Positional Plagiocephaly: A Mom’s Top Concerns Addressed


Positional Plagiocephaly: A Mom’s Top Concerns Addressed

As a mom, it’s natural to worry about every aspect of your baby’s health and development. One common concern that many mothers have is positional plagiocephaly, also known as flat head syndrome. If you’ve noticed that your baby’s head is starting to appear flat on one side, it’s important to address this issue early on to ensure proper development. Here are some of the top concerns that moms have about positional plagiocephaly, and how you can address them.

Concern 1: Is flat head syndrome dangerous for my baby?

While flat head syndrome itself is not dangerous, it can lead to more serious issues if left untreated. For example, it can cause developmental delays or problems with vision and hearing if the skull shape is not corrected. It’s important to address the issue early to prevent any potential complications.

Concern 2: What causes positional plagiocephaly?

Positional plagiocephaly is often caused by constant pressure on one part of the baby’s head, which can occur if the baby consistently lies in the same position. This pressure can lead to a flattening of the skull. It’s important to vary your baby’s positions throughout the day to prevent this from happening.

Concern 3: How can I correct positional plagiocephaly?

There are several steps you can take to correct the shape of your baby’s head. One simple method is to encourage tummy time during the day, as this helps relieve pressure on the back of the head. You can also try repositioning your baby’s head while they sleep, ensuring that they don’t always rest on the same side. In more severe cases, your pediatrician may recommend a special helmet to help reshape the baby’s head.

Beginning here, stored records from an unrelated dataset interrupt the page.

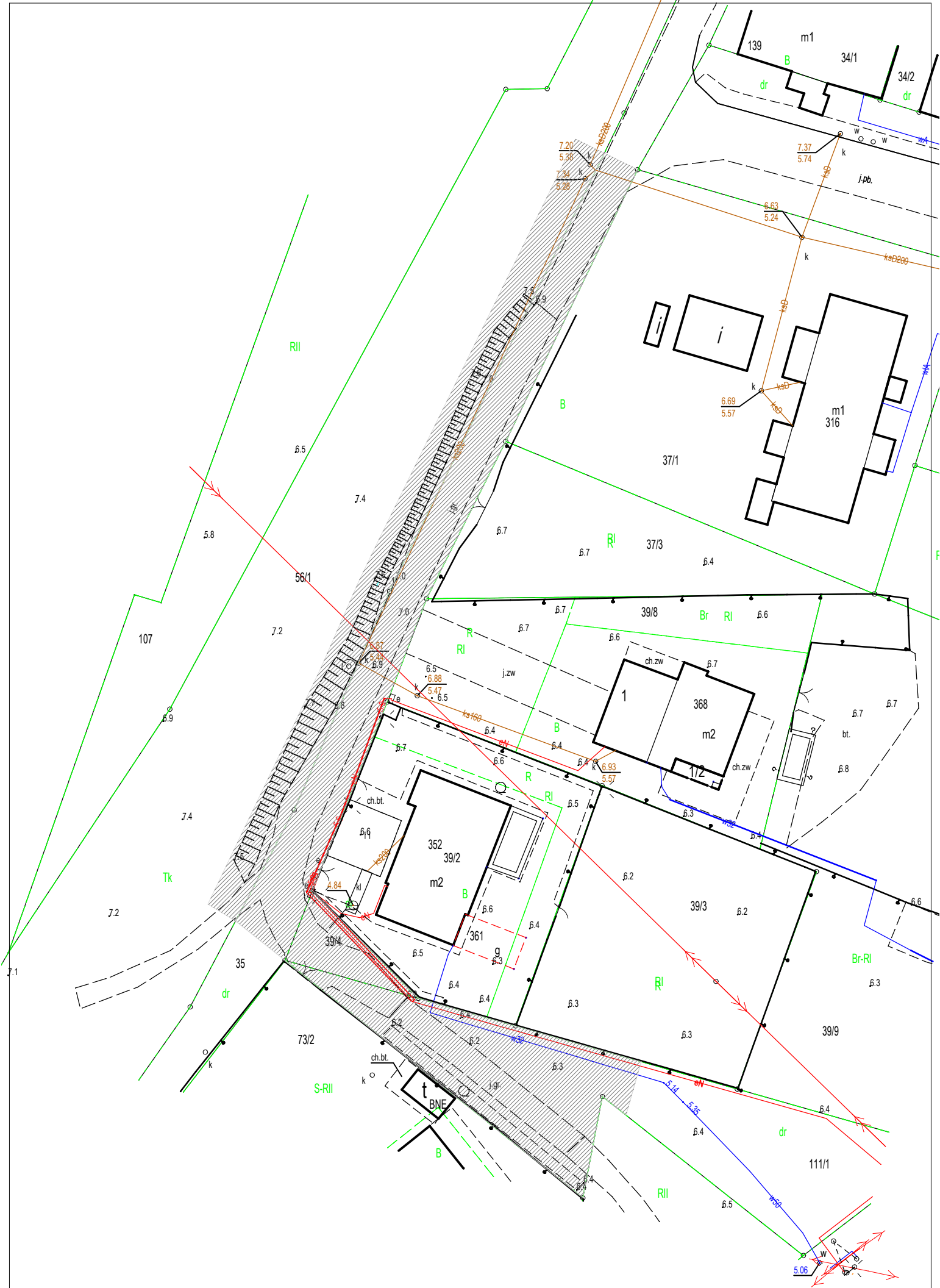
BUDOWA DROGI GMINNEJ WEWNĘTRZNEJ W LISEWIE MALBORSKIM W GMINIE LICHNOWY - PRZEWIDYWANY ZAKRES OPRACOWANIA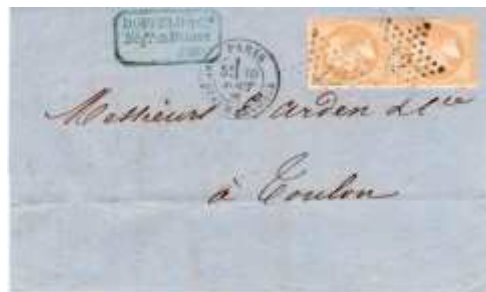
Lettre postée le 30 août 1866 à Paris (60) à destination de Toulon-sur-Mer (78, Var). Affranchie à 20c avec deux timbres au type EMPIRE FRANC (YT 21d), au tarif du 1 er échelon des lettres de bureau à bureau du 1 er juillet 1854.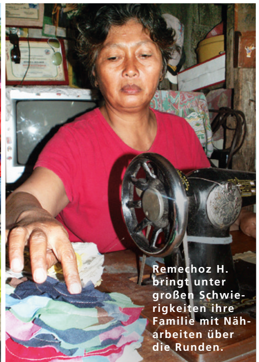
Remechoz H. bringt unter großen Schwierigkeiten ihre Familie mit Näharbeiten über die Runden.

As a mom, it’s important to be aware of the potential concerns surrounding positional plagiocephaly and take proactive steps to address them. By understanding the causes and potential consequences of flat head syndrome, you can work to prevent and correct it to ensure your baby’s healthy development.

FAQs about Positional Plagiocephaly

Q: Is flat head syndrome common?

A: Yes, flat head syndrome is relatively common, especially since the American Academy of Pediatrics began recommending that babies be placed on their backs to sleep to reduce the risk of Sudden Infant Death Syndrome (SIDS).

Q: At what age does positional plagiocephaly typically occur?

A: Positional plagiocephaly can occur at any age, but it is most common in the first few months of life when babies’ skulls are still soft and moldable.

Q: Can I prevent flat head syndrome?

A: While you may not be able to prevent flat head syndrome entirely, you can take steps to reduce the risk by varying your baby’s positions throughout the day and encouraging tummy time.